What online social networks may know about non-members
03 May 2012
What can social networks on the internet know about persons who are friends of members, but have no user profile of their own? Researchers from the Interdisciplinary Center for Scientific Computing of Heidelberg University studied this question. Their work shows that through network analytical and machine learning tools the relationships between members and the connection patterns to non-members can be evaluated with regards to non-member relationships.
Using simple contact data, it is possible, under certain conditions, to correctly predict that two non-members know each other with approx. 40 per cent probability.
For several years scientists have been investigating what conclusions can be drawn from a computational analysis of input data by applying adequate learning and prediction algorithms. In a social network, information not disclosed by a member, such as sexual orientation or political preferences, can be ''calculated'' with a very high degree of accuracy if enough of his or her friends did provide such information about themselves.
''Once confirmed friendships are known, predicting certain unknown properties is no longer that much of a challenge for machine learning'', says Prof. Dr.
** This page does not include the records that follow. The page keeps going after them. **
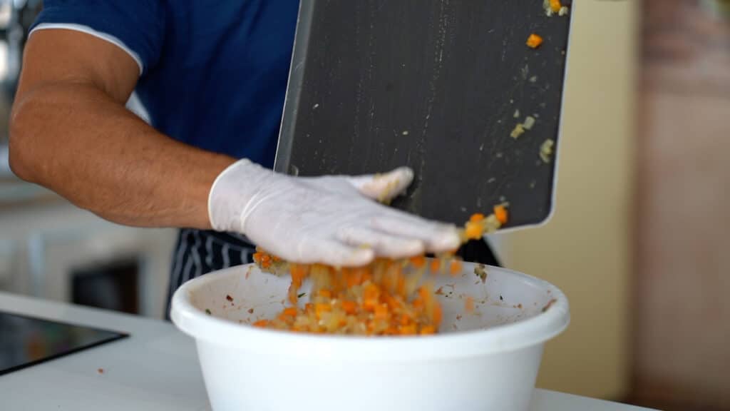 - Place a baking tray in the freezer. In a hot frying pan, add oil and sauté carrots and onions for 10 minutes. Season with salt and pepper to taste. Add the minced garlic, and cook until fragrant. Deglaze with Chardonnay, and continue to cook for 5 minutes until moisture is gone.
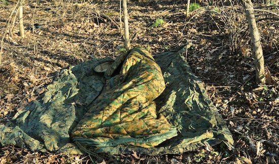 No shelter? No problem. If you have two packs and two poncho liners, you’re good to go. In fact, the more infantrymen, the more elaborate the structure you can construct by tieing them together. The woobie comes equipped with lashings on each corner and the sides, allowing for creative architecture.
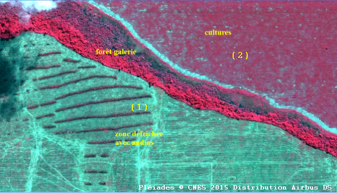 Entre la zone en cours de défrichement et celle en culture, une forêt galerie longe le cours d’un rio. Les arbres apparaissant en violet sont dans la partie la plus marécageuse le long du rio.
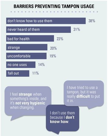 Although tampon usage is rare in Asia, the Japanese tampon market is relatively strong due to several successful brand marketing campaigns to educate the Japanese consumer and spur tampon consumption2. Because more than 1 in 4 non-tampon users (27%) say they would be likely to try tampons if they were educated on how to use them, pairing tampon marketing with an educational campaign may be as effective among Chinese consumers as it was in other developing markets. Likelihood to try tampons if educated also rises among those who say they do not use tampons because they have never heard of them or they do not know how to use them (33%).
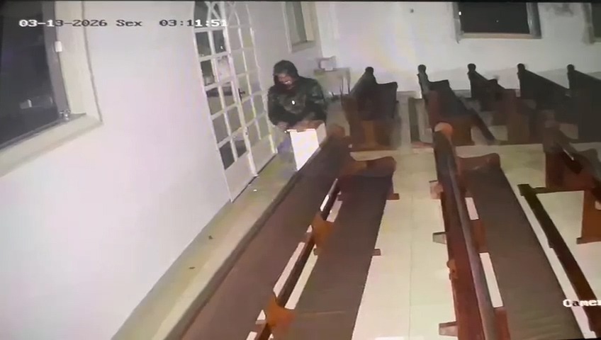 As imagens de segurança mostram que o criminoso agiu rapidamente. Segundo os registros, toda a ação durou menos de dois minutos, tempo suficiente para invadir o espaço, arrombar a caixa e fugir levando as doações feitas pelos fiéis.
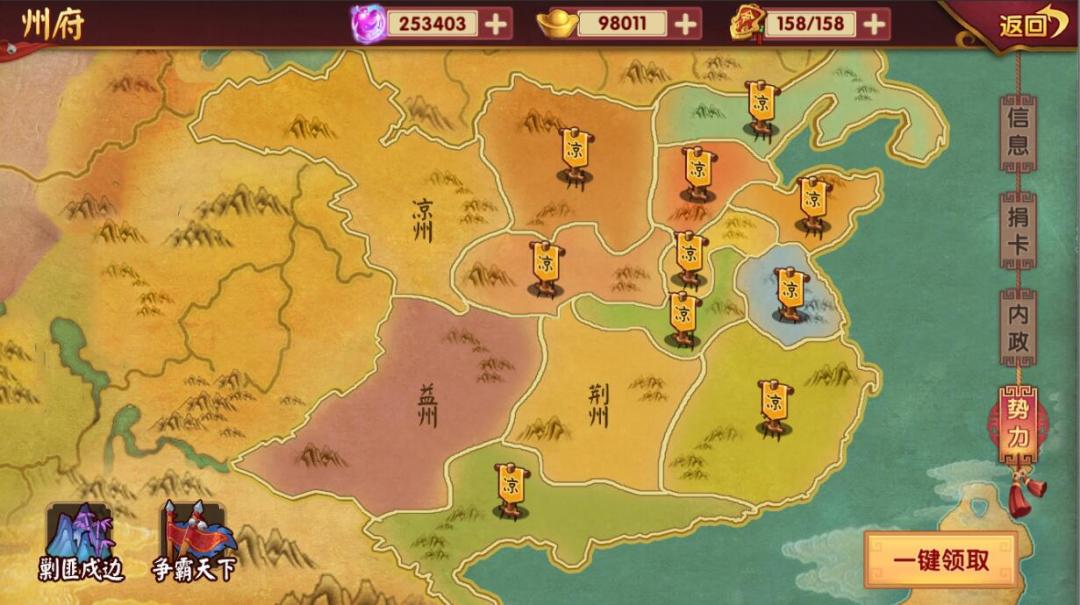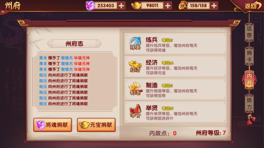 州府内每天可以申请其他成员给自己捐献武将卡,亦可以捐给其他人武将碎片。助力你早日拿到心仪武将

Fred Hamprecht, co-founder of the Heidelberg Collaboratory for Image Processing (HCI).
Until now, studies of this type were restricted to users of social networks, i.e. persons with a posted user profile who agreed to the given privacy terms.
''Non-members, however, have no such agreement. We therefore studied their vulnerability to the automatic generation of so-called shadow profiles'', explains Prof. Dr. Katharina Zweig, who until recently worked at the Interdisciplinary Center for Scientific Computing (IWR) of Heidelberg University.